# EXERCISE AIM:
Extract only the lines from the start of the entries below to the line with "Entree met trapopgang, toegang", inclusive; omit every picture.

SOURCE RECORDS Start Marker

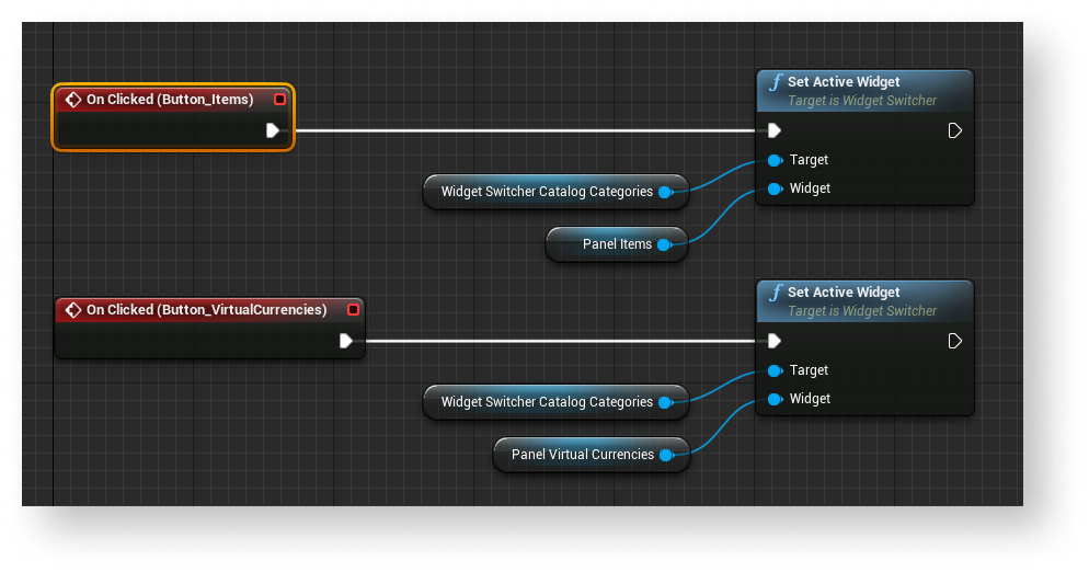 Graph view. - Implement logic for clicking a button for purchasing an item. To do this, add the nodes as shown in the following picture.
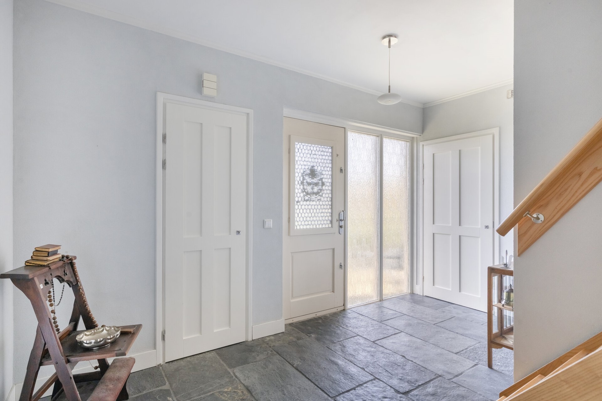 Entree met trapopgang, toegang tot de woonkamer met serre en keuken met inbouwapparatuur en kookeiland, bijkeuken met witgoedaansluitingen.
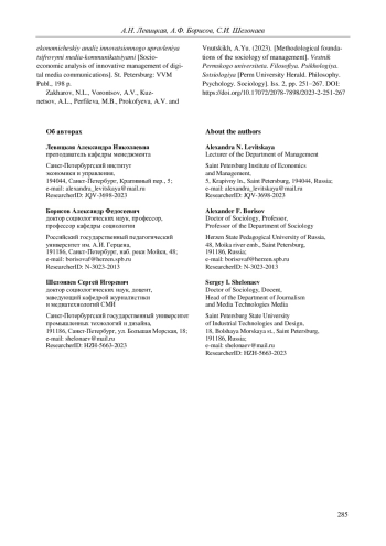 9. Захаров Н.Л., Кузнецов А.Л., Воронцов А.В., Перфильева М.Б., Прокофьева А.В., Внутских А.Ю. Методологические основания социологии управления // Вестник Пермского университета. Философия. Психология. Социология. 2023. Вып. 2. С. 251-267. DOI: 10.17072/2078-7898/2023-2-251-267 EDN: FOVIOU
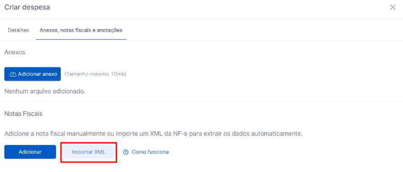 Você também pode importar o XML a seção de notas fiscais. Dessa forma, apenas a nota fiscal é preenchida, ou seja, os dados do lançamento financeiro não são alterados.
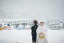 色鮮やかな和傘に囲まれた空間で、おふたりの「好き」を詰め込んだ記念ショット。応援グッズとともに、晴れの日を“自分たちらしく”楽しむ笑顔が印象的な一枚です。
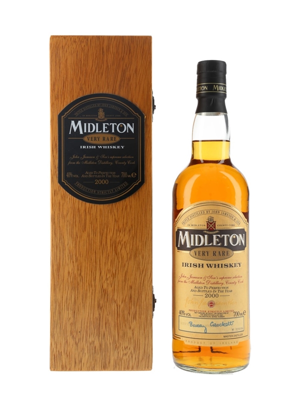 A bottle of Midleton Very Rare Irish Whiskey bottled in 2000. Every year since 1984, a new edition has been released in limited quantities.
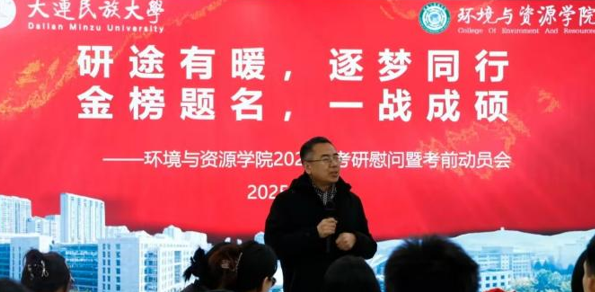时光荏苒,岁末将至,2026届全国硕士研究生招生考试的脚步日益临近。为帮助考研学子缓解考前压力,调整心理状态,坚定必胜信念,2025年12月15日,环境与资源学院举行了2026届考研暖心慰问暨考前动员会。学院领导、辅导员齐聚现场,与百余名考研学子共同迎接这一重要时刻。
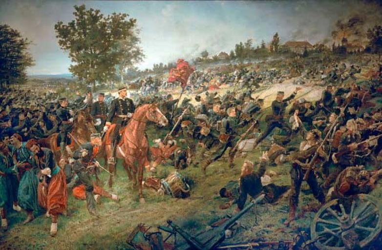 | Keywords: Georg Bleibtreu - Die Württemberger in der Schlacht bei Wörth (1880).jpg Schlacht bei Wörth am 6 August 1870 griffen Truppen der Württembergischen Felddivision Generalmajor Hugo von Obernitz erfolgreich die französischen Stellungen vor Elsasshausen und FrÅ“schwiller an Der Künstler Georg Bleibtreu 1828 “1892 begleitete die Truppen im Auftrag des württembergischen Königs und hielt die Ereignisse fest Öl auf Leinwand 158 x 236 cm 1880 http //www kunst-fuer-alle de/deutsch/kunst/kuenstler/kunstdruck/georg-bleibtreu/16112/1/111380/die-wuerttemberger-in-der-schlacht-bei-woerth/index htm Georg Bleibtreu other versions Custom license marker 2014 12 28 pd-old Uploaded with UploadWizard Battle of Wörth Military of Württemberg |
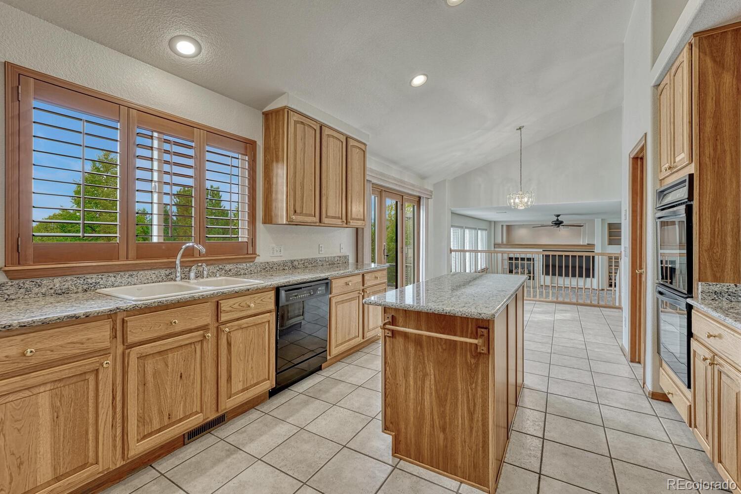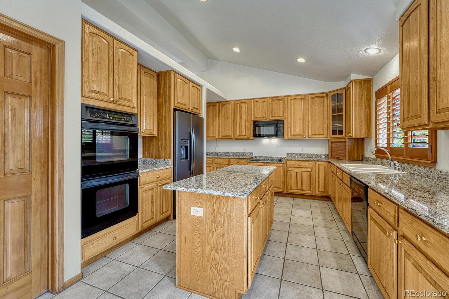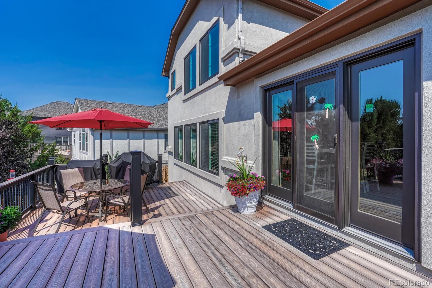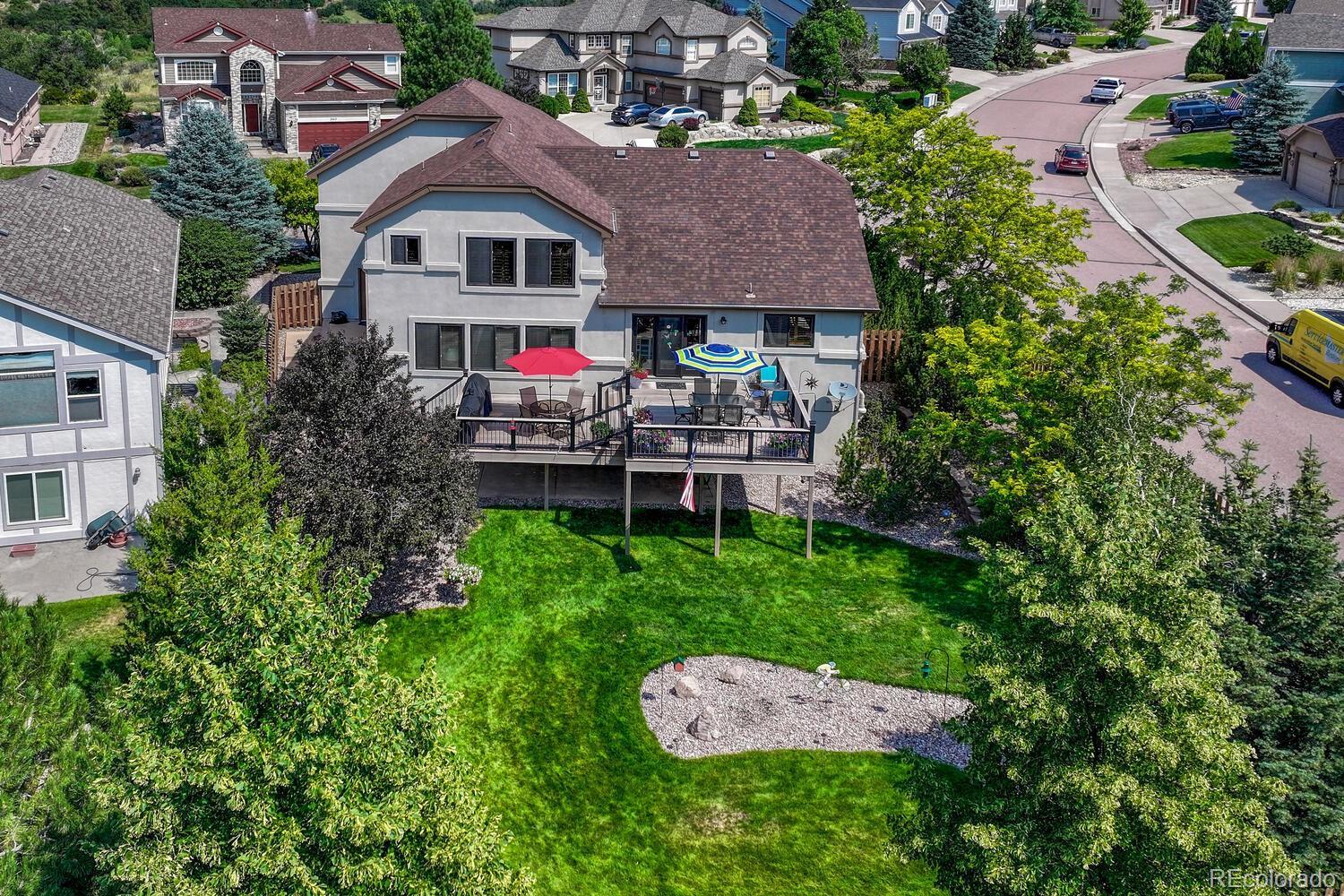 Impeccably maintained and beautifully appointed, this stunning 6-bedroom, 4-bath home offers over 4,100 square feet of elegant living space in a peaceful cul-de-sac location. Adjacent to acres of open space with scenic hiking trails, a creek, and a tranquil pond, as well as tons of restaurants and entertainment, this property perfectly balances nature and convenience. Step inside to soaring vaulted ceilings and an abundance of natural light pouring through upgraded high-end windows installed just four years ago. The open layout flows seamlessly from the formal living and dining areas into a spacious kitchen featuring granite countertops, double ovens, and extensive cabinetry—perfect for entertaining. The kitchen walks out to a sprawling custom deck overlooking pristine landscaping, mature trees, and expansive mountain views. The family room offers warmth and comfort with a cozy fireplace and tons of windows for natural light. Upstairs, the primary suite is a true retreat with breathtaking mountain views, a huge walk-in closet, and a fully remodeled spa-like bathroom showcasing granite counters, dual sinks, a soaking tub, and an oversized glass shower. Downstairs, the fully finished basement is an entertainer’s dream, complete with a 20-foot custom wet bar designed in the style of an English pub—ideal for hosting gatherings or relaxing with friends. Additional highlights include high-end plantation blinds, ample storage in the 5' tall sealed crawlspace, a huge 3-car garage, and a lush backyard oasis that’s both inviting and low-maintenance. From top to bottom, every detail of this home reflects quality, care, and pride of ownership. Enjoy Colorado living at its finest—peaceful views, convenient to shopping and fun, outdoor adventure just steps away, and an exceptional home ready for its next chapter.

SOURCE RECORDS End Marker

# ANSWER TO THIS PROBLEM:
 Graph view. - Implement logic for clicking a button for purchasing an item. To do this, add the nodes as shown in the following picture.
 Entree met trapopgang, toegang tot de woonkamer met serre en keuken met inbouwapparatuur en kookeiland, bijkeuken met witgoedaansluitingen.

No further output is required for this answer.